The other close neighbors are something else altogether. I’ve seen the man of the family once when he told me that I have an obnoxious dog (like I didn’t know that! Huh!). The lady I heard or better said I heard her sweeping the yard. She does that every day, at least three or four times a day. Otherwise, they come out of the house only after dark. No, they’re not vampires, because he wouldn’t have talked to me in broad daylight and she wouldn’t be so adamant that no speck of dust touches her yard.
The ones that read my blog in the past might remember that I was wondering about the lack of kids. Of, good days! There was a huge shift in population. There are lots and lots of kids now. I can mention the little guy who likes to stand in the middle of the alley – for hours! – and imitate a crow. Terrific sound! Especially if you try hard to move a scene along in your novel and the scene doesn’t involve a crow!

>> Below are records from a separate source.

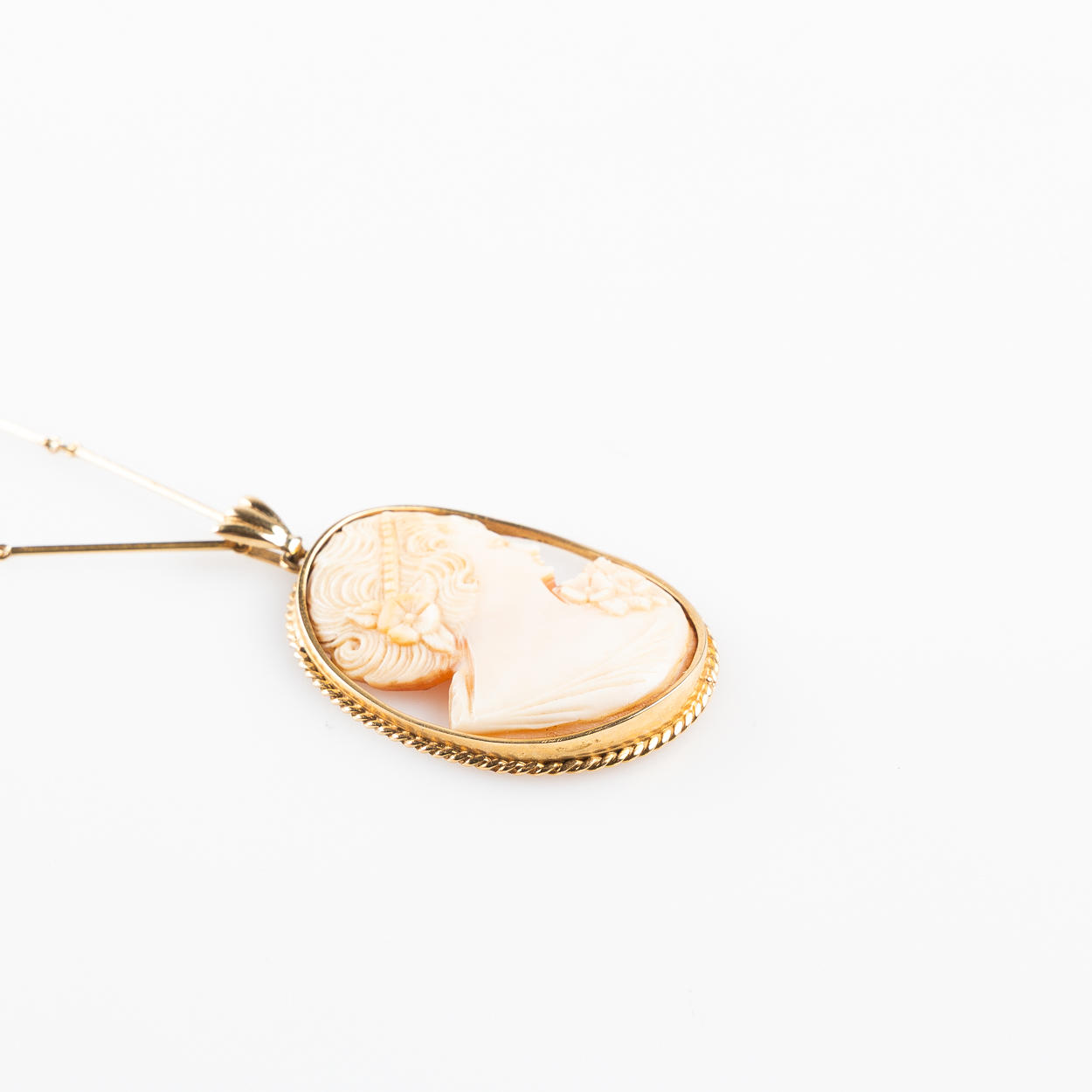 CAMÈ-ANHÄNGER MIT STABKETTE, 18 K Gold.
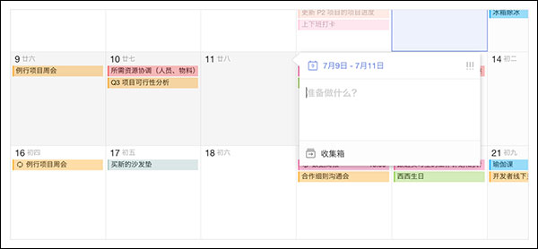 在 Web 的日历月视图中,我们将鼠标放在其中一个格子上,按住鼠标,然后直接向右或者向下拖拽, 就会选中多个日历格子,放手后就能直接创建一个跨天的任务了。
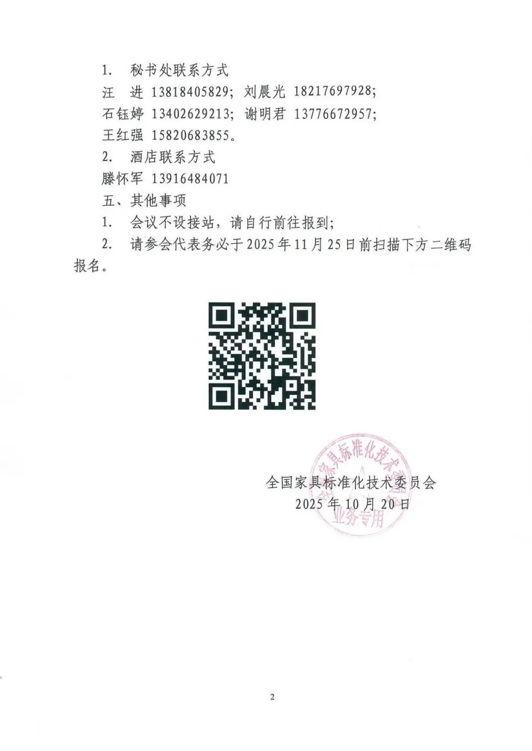 关于召开“全国家具行业标准化工作会暨全国家具标准化技术委员会第四届二次全体委员会议”的通知
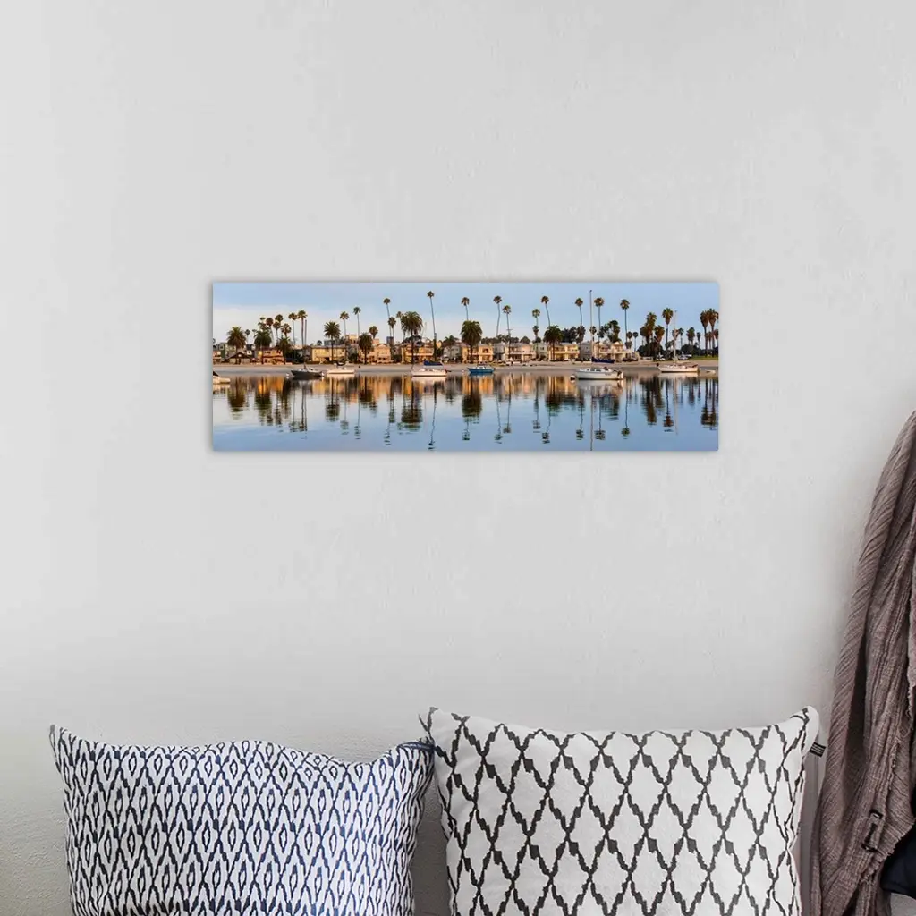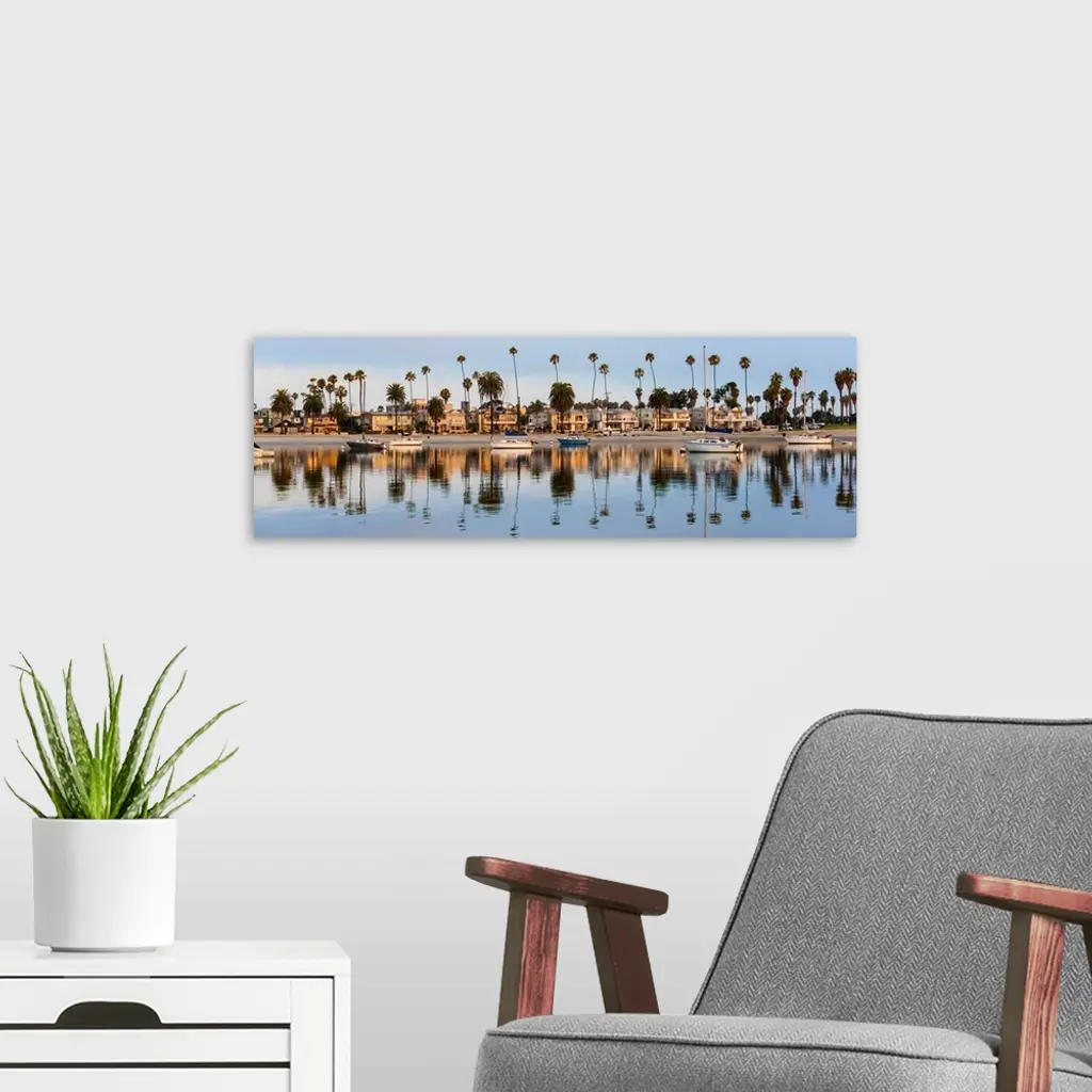 Panoramic photograph of beach houses, palm trees, and boats on the San Diego coast reflecting into the water.

Most of the games that the other children play seem to involve a very long “aaaaaaaaaaah” repeated at very short intervals or running along with the supermarket carts that are the mark of the condominium. I’ve told you before: everyone must have one at the front door. It helps a lot: you can go shopping, take a run in the cart, walk the dog (why, I wonder?) and so on. I like people here: they are extremely inventive.
We couldn’t integrate into the population, I think, as we couldn’t go past the shame of going shopping leaving with the cart from home or come back home with a cart. The truth is that we’re still old-fashioned: we carry everything in bags. Maybe one day we’ll reach the modern age too…. Who knows?

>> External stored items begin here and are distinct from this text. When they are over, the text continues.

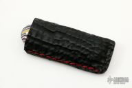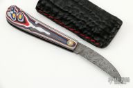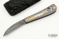 This Swayback Jack Slipjoint by Rainy Day Knives features a Chad Nichols Damascus blade and spring. The handle has Fordite covers with black G-10 liners and a stainless steel escutcheon. Has half-stop, flush in all positions. Comes with a leather slip sheath, zippered case and COA dated 8/19. Excellent condition.
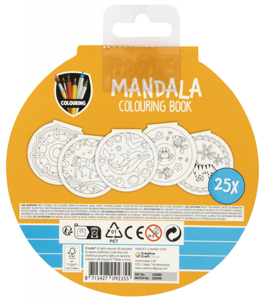 - cartea de colorat contine 25 file cu desene mandala pentru copii, cu diferite grade de dificultate
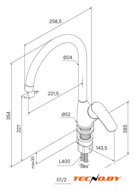 | Длина (вылет) излива | 221.5 мм |
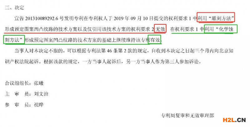據(jù)無效宣告請求審查決定書顯示:宣告201310089292.6號發(fā)明專利在專利權(quán)人于2019年09月10日提交的權(quán)利要求1中利用“雕刻方法”形成預(yù)定圖案凹凸紋路的技術(shù)方案以及僅引用該技術(shù)方案的權(quán)利要求2無效;權(quán)利要求1中利用“化學(xué)蝕刻方法”形成預(yù)定圖案凹凸紋路的技術(shù)方案人基礎(chǔ)上繼續(xù)維持該專利權(quán)有效。
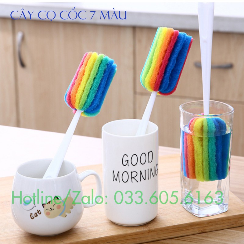 Cọ ly cọ cốc rửa bình sữa 7 màu bằng bọt biển cứng
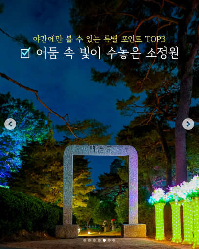 | 계절별 매력 | 사계절 모두 다른 분위기로 관람 가능 |

Rex is not the noisiest dog in the neighborhood anymore. That’s the happiest thing that has happened lately. He was outdone by two Chihuahuas, one poodle, a Shih Tzu and a boxer. It’s true, he still watches the moon with apprehension and still gives the evil eye to planes and helicopters but he doesn’t bark at them anymore.

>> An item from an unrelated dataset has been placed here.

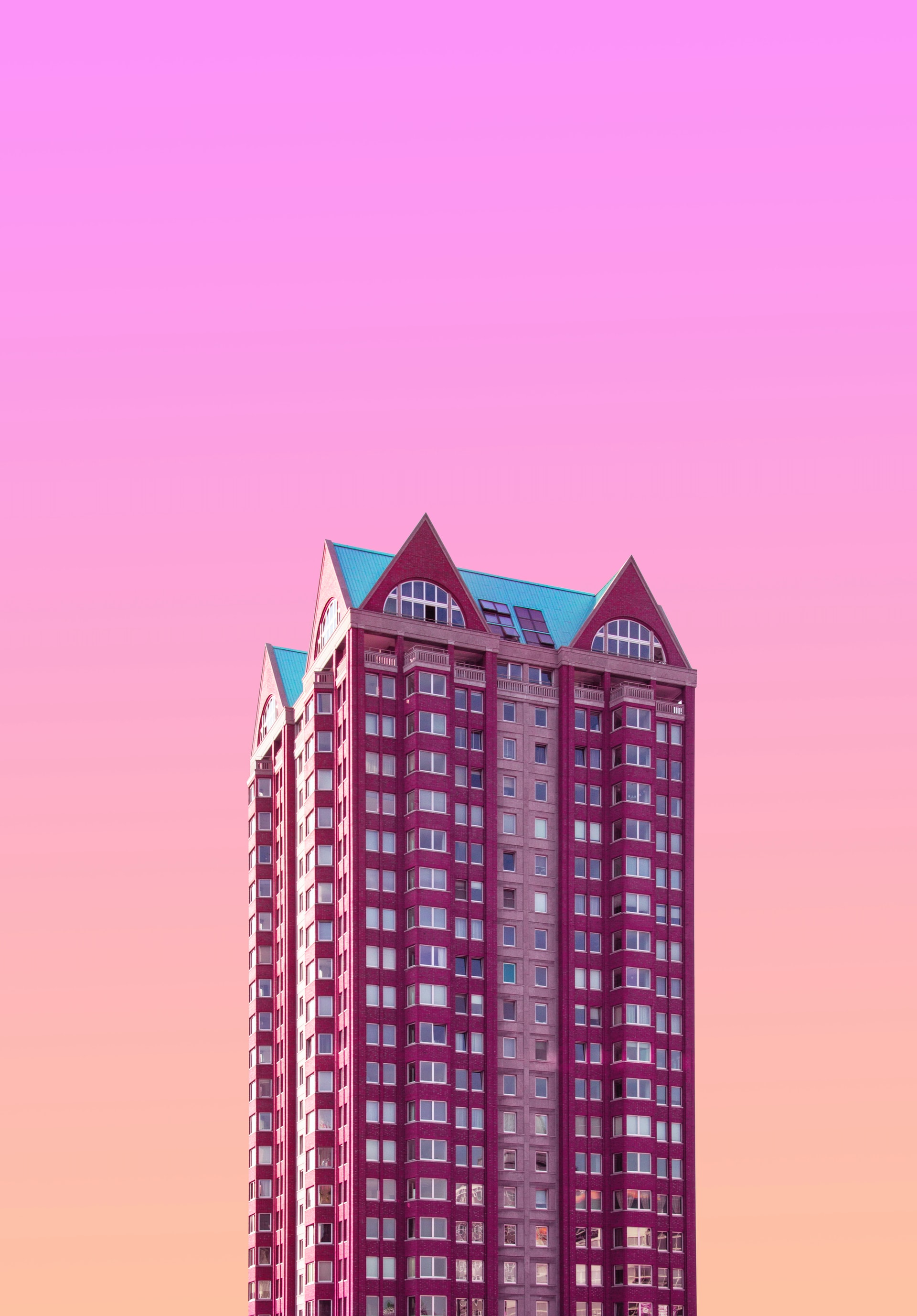Wolkenkratzer vor pinkem Himmel

He hasn’t overcome other things, though. God forbid putting a thing in a place where that thing has not been before! He goes into a fit of barking and he doesn’t stop till the said thing is removed. The problem is when the neighbors move something in their yard: there, I have no jurisdiction. It makes for a happy afternoon, believe me! And besides that, of course, there are the squirrels. There are three of them at least, I think, because they’re of different color. They’ve seen that he gets furious when they come into his yard and now, they come just for fun, talk to him, drive him crazy… Anyway, they go to bed early so it’s not a real problem.
I think I’m all caught up right now. I ‘m about to launch a new novel. Check it out on my site and see the links! I had another one coming out last week and there has been a revamp to my crime story Mayhem on Nightingale Street. Another crime story is in the works!
See you soon and have fun! It’s summer!